• _TASK TO CARRY OUT_
Exact copy, no pictures: every line from the one that contains "The space features" through the end of the data below, and nothing else.

<<<<

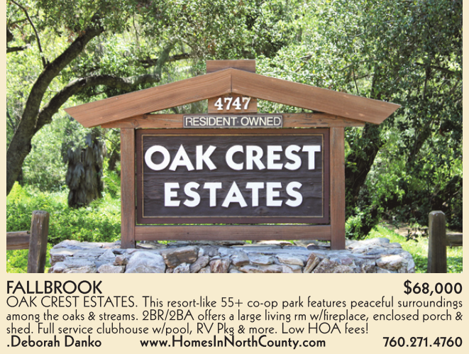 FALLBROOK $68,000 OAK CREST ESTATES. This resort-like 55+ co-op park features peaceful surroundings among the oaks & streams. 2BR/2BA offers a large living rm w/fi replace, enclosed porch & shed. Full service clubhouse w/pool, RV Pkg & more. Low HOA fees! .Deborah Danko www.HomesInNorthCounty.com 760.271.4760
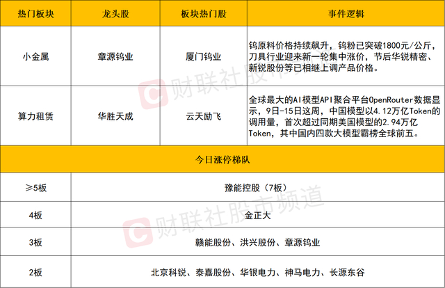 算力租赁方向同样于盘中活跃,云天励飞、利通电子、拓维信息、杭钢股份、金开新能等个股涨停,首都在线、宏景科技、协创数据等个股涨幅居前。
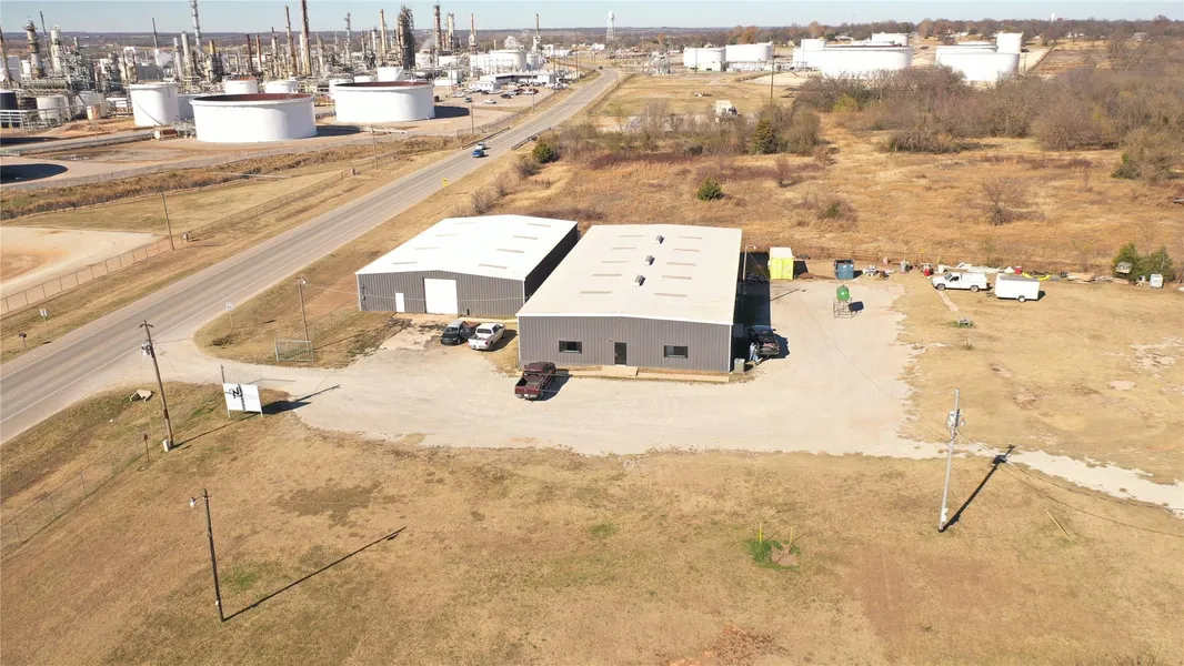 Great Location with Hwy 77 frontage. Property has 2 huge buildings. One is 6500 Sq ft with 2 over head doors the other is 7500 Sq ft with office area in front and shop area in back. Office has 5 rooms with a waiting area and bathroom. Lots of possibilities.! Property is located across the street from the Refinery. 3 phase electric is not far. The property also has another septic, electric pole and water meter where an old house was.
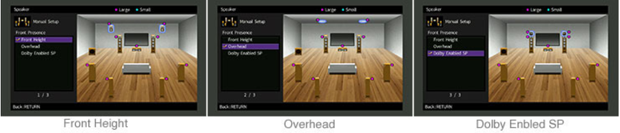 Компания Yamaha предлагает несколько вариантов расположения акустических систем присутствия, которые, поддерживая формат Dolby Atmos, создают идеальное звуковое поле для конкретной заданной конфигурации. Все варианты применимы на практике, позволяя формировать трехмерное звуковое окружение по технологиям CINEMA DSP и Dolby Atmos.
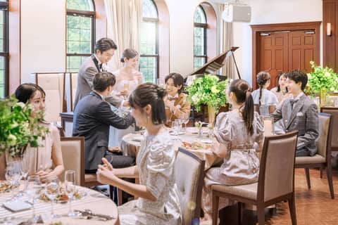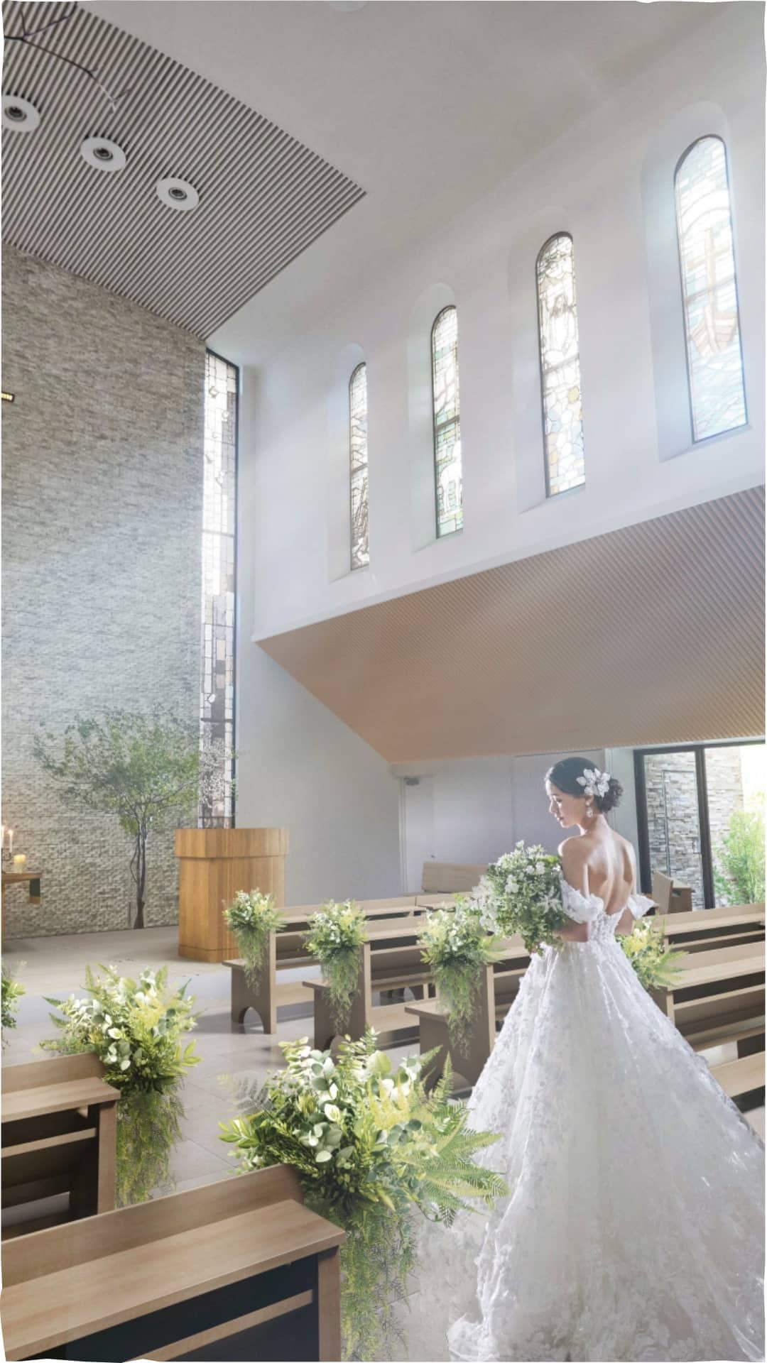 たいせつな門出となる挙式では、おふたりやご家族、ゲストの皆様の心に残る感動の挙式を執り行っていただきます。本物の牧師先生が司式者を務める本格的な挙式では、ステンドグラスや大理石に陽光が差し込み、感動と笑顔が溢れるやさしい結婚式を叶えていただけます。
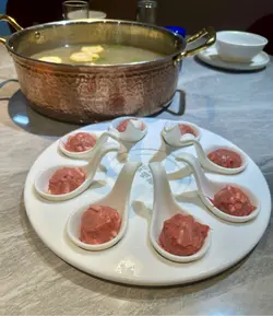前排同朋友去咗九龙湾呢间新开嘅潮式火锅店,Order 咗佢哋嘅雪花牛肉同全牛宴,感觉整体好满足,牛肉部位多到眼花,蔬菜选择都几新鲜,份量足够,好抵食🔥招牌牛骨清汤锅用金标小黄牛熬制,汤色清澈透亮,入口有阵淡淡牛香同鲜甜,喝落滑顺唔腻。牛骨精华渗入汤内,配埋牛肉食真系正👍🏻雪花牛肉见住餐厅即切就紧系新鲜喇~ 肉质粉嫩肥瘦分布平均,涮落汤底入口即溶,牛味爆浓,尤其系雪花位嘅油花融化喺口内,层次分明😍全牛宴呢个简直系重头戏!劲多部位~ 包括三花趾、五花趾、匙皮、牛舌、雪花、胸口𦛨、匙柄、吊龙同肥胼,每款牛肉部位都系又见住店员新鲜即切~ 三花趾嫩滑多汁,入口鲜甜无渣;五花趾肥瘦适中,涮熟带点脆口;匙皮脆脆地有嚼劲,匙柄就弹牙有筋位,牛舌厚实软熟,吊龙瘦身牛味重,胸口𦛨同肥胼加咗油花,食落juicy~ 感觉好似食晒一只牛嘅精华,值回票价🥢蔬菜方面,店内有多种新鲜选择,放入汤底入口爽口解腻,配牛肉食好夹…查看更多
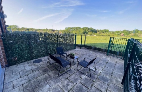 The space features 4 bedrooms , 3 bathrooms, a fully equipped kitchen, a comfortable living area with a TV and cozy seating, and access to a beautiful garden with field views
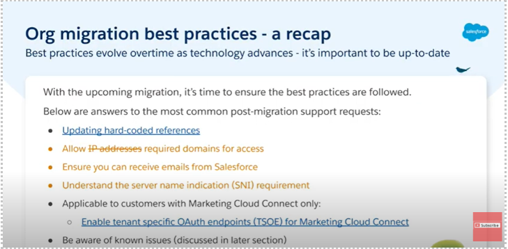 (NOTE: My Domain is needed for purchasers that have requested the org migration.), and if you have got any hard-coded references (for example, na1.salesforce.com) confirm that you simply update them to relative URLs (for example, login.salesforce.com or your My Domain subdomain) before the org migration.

>>>>

• _RESULT FOR THIS TASK_
 The space features 4 bedrooms , 3 bathrooms, a fully equipped kitchen, a comfortable living area with a TV and cozy seating, and access to a beautiful garden with field views
 (NOTE: My Domain is needed for purchasers that have requested the org migration.), and if you have got any hard-coded references (for example, na1.salesforce.com) confirm that you simply update them to relative URLs (for example, login.salesforce.com or your My Domain subdomain) before the org migration.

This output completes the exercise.